Collect Apache Spark application metrics with the REST API
GET https://{endpoint}/livyApi/versions/{livyApiVersion}/sparkpools/{sparkPoolName}/sessions/{sessionId}/applications/{sparkApplicationId}/executors
Parameter | Required | Description |
---|---|---|
endpoint | True | The workspace development endpoint, for example https://myworkspace.dev.azuresynapse.net. |
livyApiVersion | True | Valid api-version for the request.

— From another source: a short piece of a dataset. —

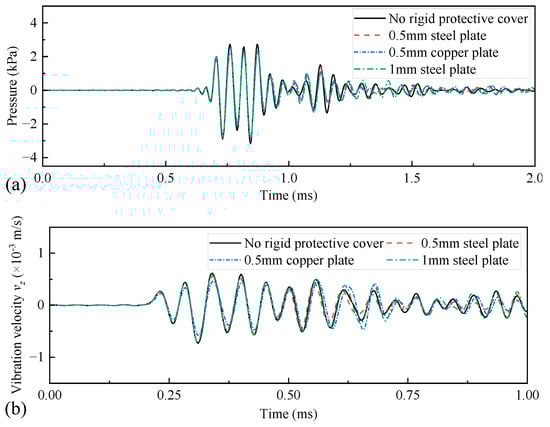 Radiated acoustic pressure waveforms (a) recorded at spatial coordinates of (1, 0, 0) m, and axial vibration velocity waveforms (b) recorded at coordinates of (0.1, 0, 0.9) m on the drill-collar surface when metal plates of different thicknesses and materials were used as protective covers.

Currently, it is 2019-11-01-preview |
sparkPoolName | True | Name of the spark pool. |
sessionId | True | Identifier for the session. |
sparkApplicationId | True | Spark Application ID |
Sample Request
GET https://myworkspace.dev.azuresynapse.net/livyApi/versions/2019-11-01-preview/sparkpools/mysparkpool/sessions/1/applications/application_1605509647837_0001/executors
Sample Response Status code: 200
[
{
"id": "driver",
"hostPort": "f98b8fc2aea84e9095bf2616208eb672007bde57624:45889",
"isActive": true,
"rddBlocks": 0,
"memoryUsed": 75014,
"diskUsed": 0,
"totalCores": 0,
"maxTasks": 0,
"activeTasks": 0,
"failedTasks": 0,
"completedTasks": 0,
"totalTasks": 0,
"totalDuration": 0,
"totalGCTime": 0,
"totalInputBytes": 0,
"totalShuffleRead": 0,
"totalShuffleWrite": 0,
"isBlacklisted": false,
"maxMemory": 15845975654,
"addTime": "2020-11-16T06:55:06.718GMT",
"executorLogs": {
"stdout": "http://f98b8fc2aea84e9095bf2616208eb672007bde57624:8042/node/containerlogs/container_1605509647837_0001_01_000001/trusted-service-user/stdout?start=-4096",
"stderr": "http://f98b8fc2aea84e9095bf2616208eb672007bde57624:8042/node/containerlogs/container_1605509647837_0001_01_000001/trusted-service-user/stderr?start=-4096"
},
"memoryMetrics": {
"usedOnHeapStorageMemory": 75014,
"usedOffHeapStorageMemory": 0,
"totalOnHeapStorageMemory": 15845975654,
"totalOffHeapStorageMemory": 0
},
"blacklistedInStages": []
},
// ...
]
4. Build your own diagnosis and monitoring tools
The Prometheus API and the REST APIs provide rich metrics data about the Apache Spark application running information.You can collect the application-related metrics data through the Prometheus API and the REST APIs. And build your own diagnosis and monitoring tools that are more suitable for your needs.